TRY IT: In this exercise, print only the lines from the line with "Laetitia grâce à" to the last line of the data below, inclusive. Any pictures should be left out.

DATA FOR THE TASK:
....
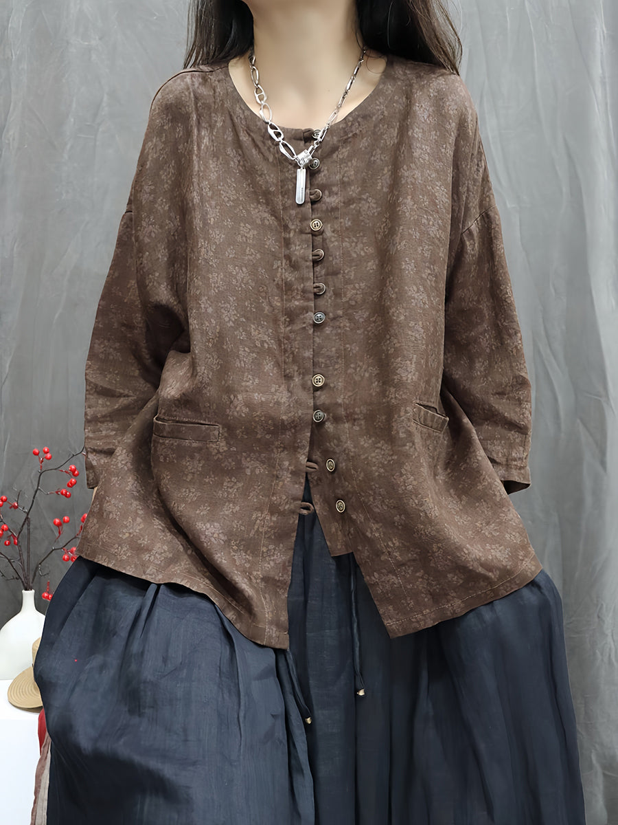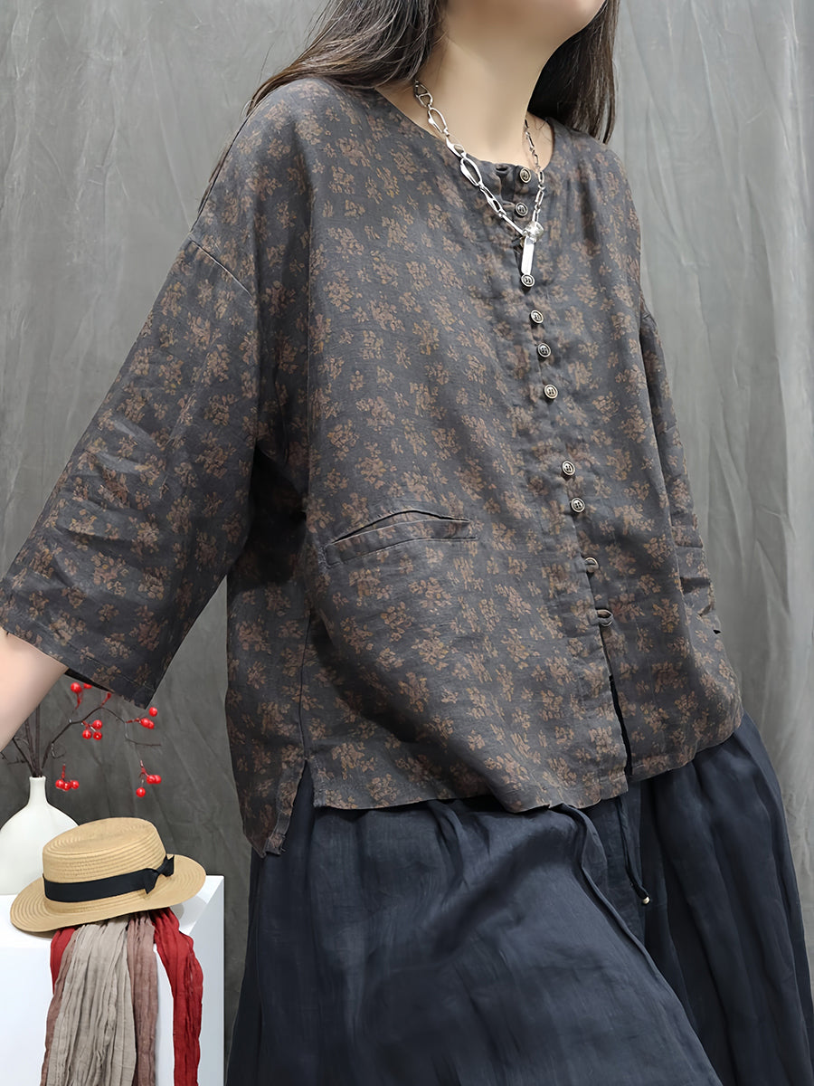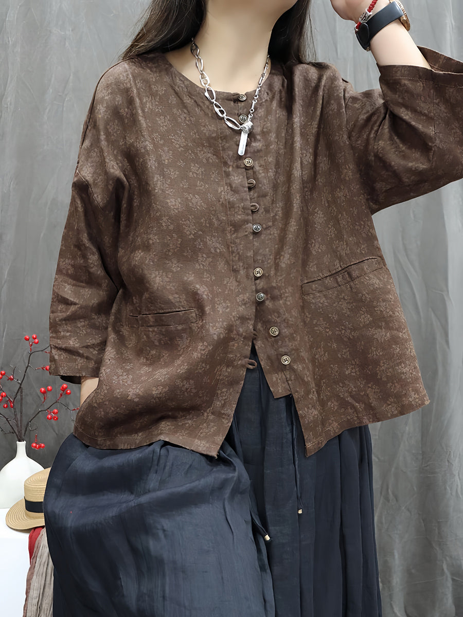 Dámská umělecká jarní květinová košile s výstřihem do O-neck ze 100% lnu
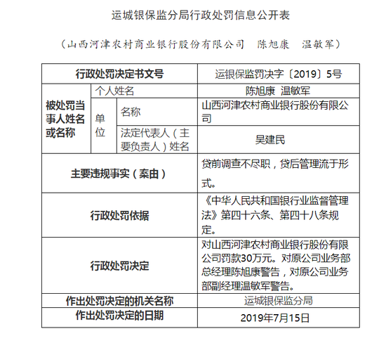 •   中国金融网讯 山西运城银保监分局近日公布关于山西河津农村商业银行股份有限公司的行政处罚信息。山西河津农村商业银行股份有限公司存在贷前调查不尽职,贷后管理流于形式。运城银保监分局决定对山西河津农村商业银行股份有限公司罚款30万元。对原公司业务部总经理陈旭康警告,对原公司业务部副经理温敏军警告。
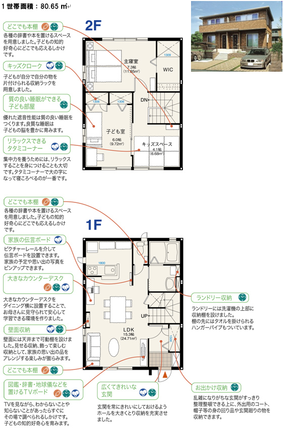 ■「レトアかげやまモデル」開発の背景国土交通省による「民営貸家に居住する世帯人員別世帯数と延床面積別戸数」の調査によると、わが国に現状ある1256万1000戸の貸家のうち、2世帯以上の世帯が居住する貸家は602万6,000戸、その一方で50m²以上の大型貸家は434万6,000戸であり、168万戸不足していることになります。 ■『レトアかげやまモデル』の概要Ⅰ.アパート初、「かげやまモデル」のノウハウを導入『レトアかげやまモデル』では、(1)「どこでも学習できる場所づくり」(2)「生活習慣を支えるしかけ」(3)「家族コミュニケーションの演出」という、?山英男教授の子育てノウハウを積極的に導入しています。
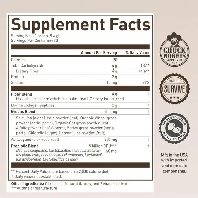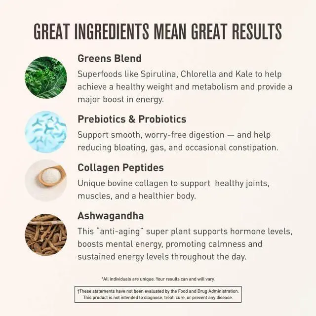 Powerful Greens: This powerful greens and superfood powder was formulated with probiotics to help support gut health. Ashwagandha to support brain function and help manage stress, and collagen to help protect joints. *
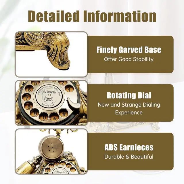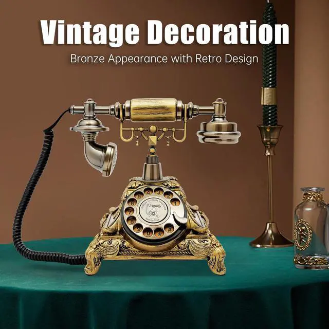 Add a touch of 1950s elegance and rock-solid functionalityto any space. Hand-cast eco-friendly resin, a gleaming zinc-alloy cradle, and a carved base create a striking bronze showpiece, while line-powered circuitry with a fiberglass board delivers crystal-clear, battery-free calls. From everyday conversations to vintage-themed decor, this rotary phone pairs nostalgia with modern reliability. Key Features Plug & Play Calling: Dual FSK/DTMF compatibility and the included RJ-11 cord let you dial instantlyno batteries, apps, or wall power needed.
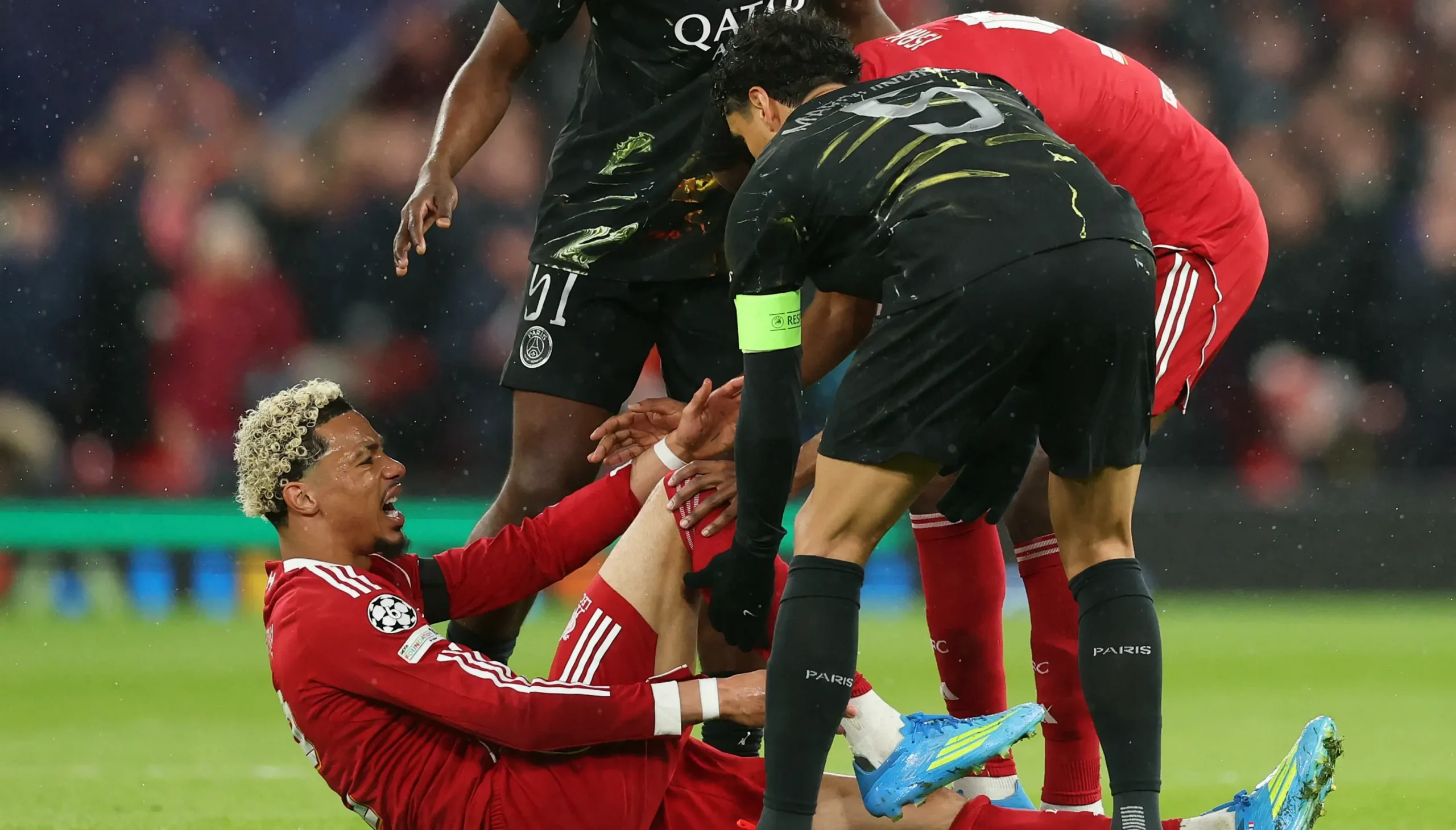 El encuentro estaba en una fase temprana y el escenario era exigente: Liverpool debía marcar y, con cada minuto, apretaba para generar ocasiones. Sin embargo, el problema llegó cuando Ekitike —con el contexto especial de medirse a su exclub— pareció engancharse con el césped y perder el control del apoyo. La reacción inmediata fue la preocupación de sus propios compañeros y del cuerpo médico, que se movilizó de inmediato.
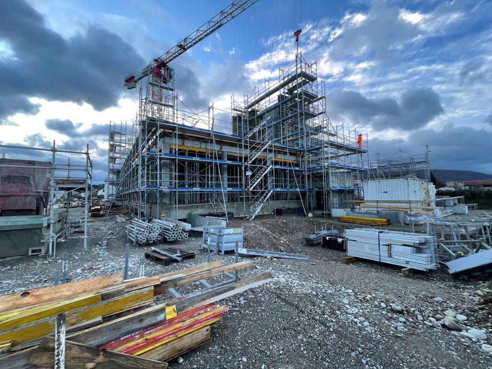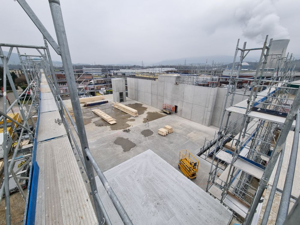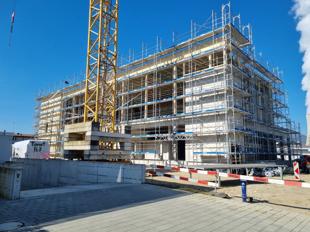 À l’intérieur également, le bâtiment prend forme de manière visible : l’électricité, le chauffage et la ventilation sont déjà dans leur dernière phase, tandis que les structures définitives des espaces intérieurs se dessinent de plus en plus clairement.
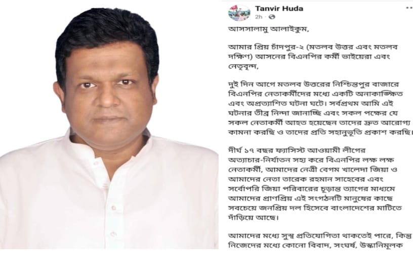 মতলব উত্তরে নিশ্চিন্তপুরে বিএনপি নেতাকর্মীদের সংঘর্ষ নিয়ে মুখ খুললেন তানভীর হুদা
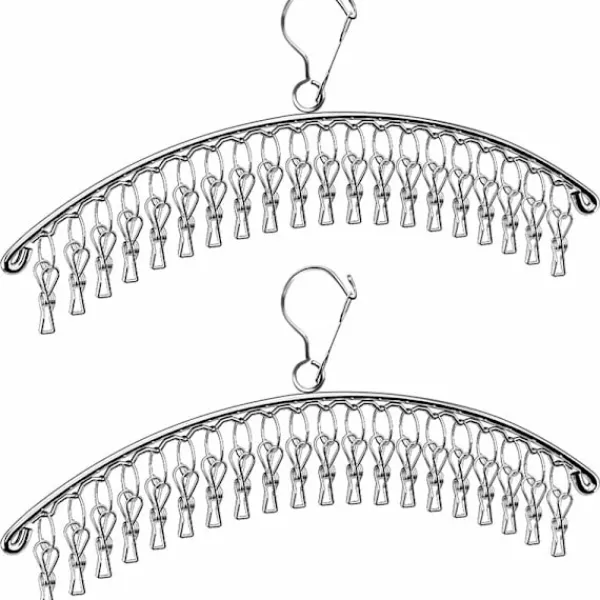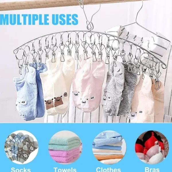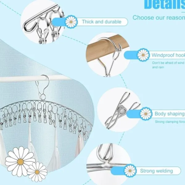 Vindtät och 40 klämmor: Hängande strumpor har en vindskydd för att säkerställa att hängaren inte blåses bort av vinden. Den är utrustad med 40 monobloc-klämmor i rostfritt stål som kan hänga många små föremål.
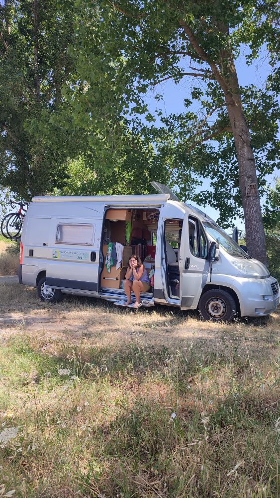 Laetitia grâce à park4night dégote un endroit proche d’un ancien ermitage entouré de grands peupliers qui nous offre de l’ombre et d’où j’écris ces quelques mots. Au loin j’entends le loriot, au-dessus de moi des pies ibérique jouent dans les branches et d’autres oiseaux chantent à tue tête.
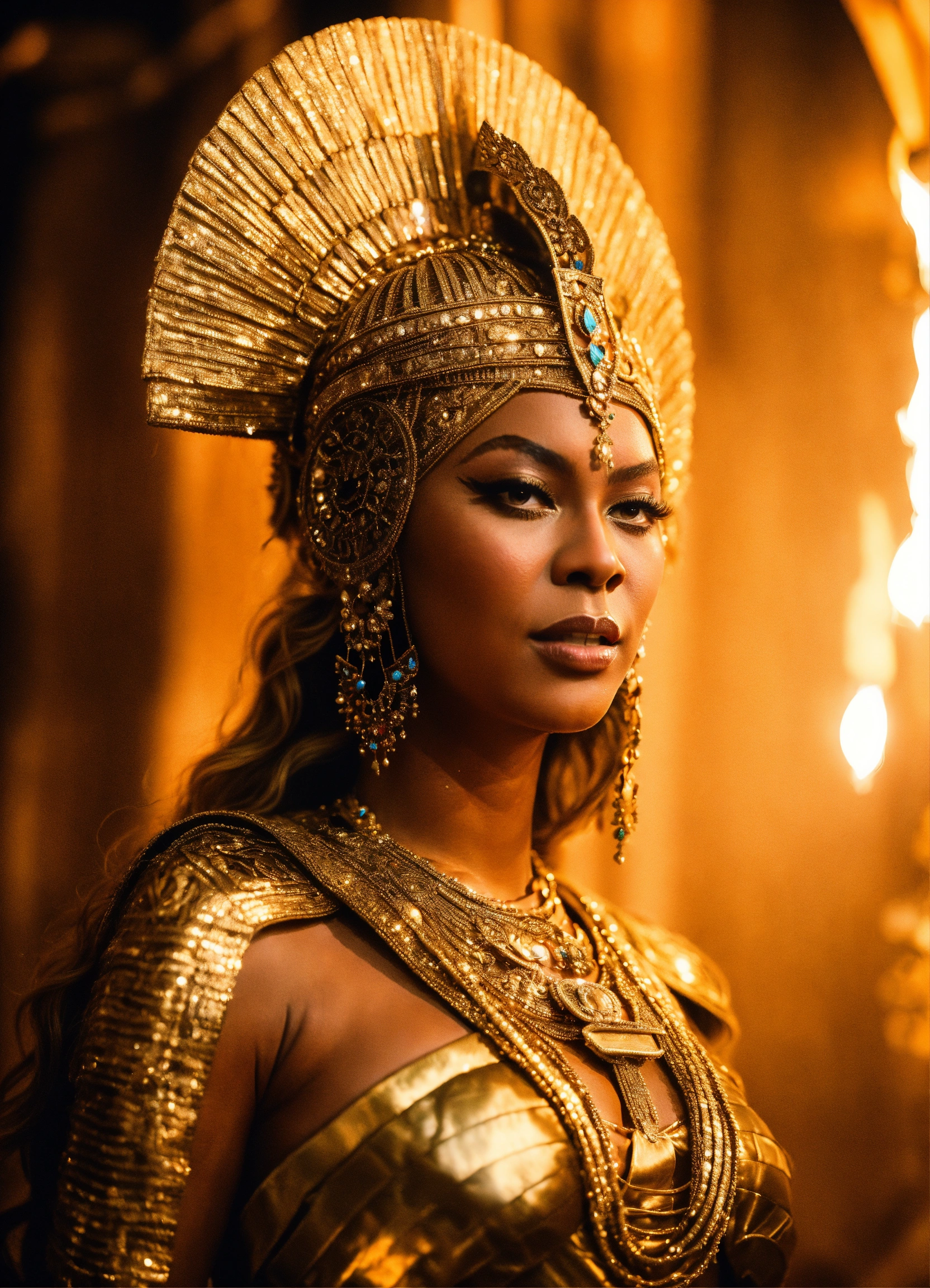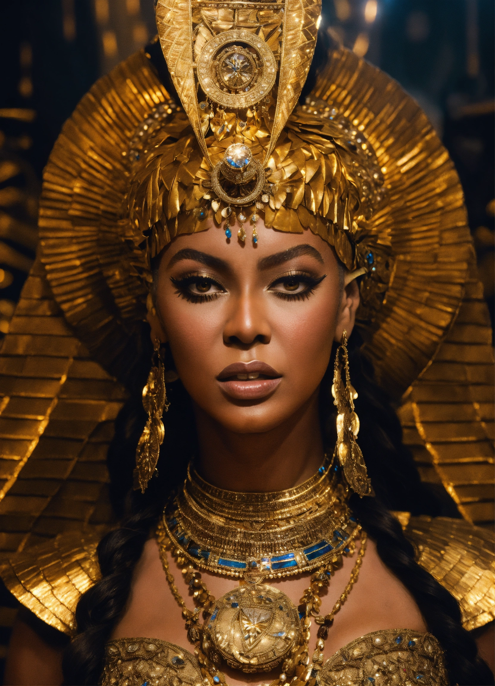 Beyoncé dressed as the sumerian goddess ishtar, with, elaborate, cinematic lighting, photorealistic, full royal regalia the decent of ishatar
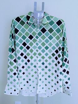 Men’s Green Geometric Print Button-Up Shirt – Long Sleeve Collared Casual & Smart Shirt$25Irving, TX
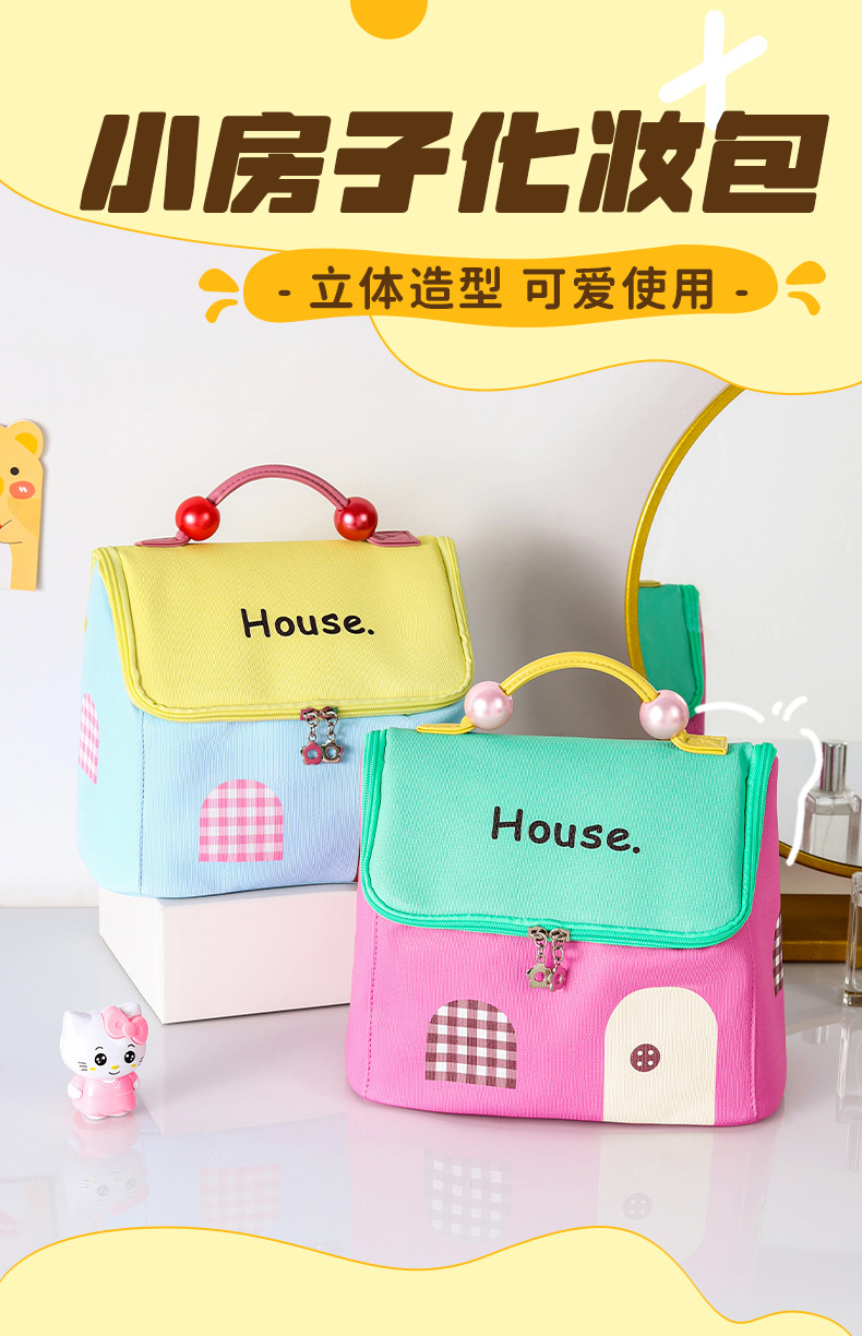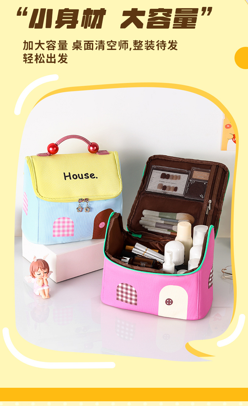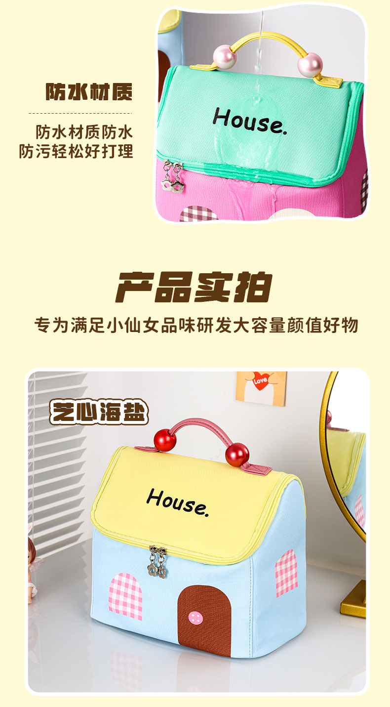 고급스러운 휴대용 화장품 가방, 귀여운 세면도구 가방, 화장품 수납 가방, 인기 있는 작은 집 여행용 수납 가방스토어 가기
....
TASK SOLUTION:
 Laetitia grâce à park4night dégote un endroit proche d’un ancien ermitage entouré de grands peupliers qui nous offre de l’ombre et d’où j’écris ces quelques mots. Au loin j’entends le loriot, au-dessus de moi des pies ibérique jouent dans les branches et d’autres oiseaux chantent à tue tête.
 Beyoncé dressed as the sumerian goddess ishtar, with, elaborate, cinematic lighting, photorealistic, full royal regalia the decent of ishatar
 Men’s Green Geometric Print Button-Up Shirt – Long Sleeve Collared Casual & Smart Shirt$25Irving, TX
 고급스러운 휴대용 화장품 가방, 귀여운 세면도구 가방, 화장품 수납 가방, 인기 있는 작은 집 여행용 수납 가방스토어 가기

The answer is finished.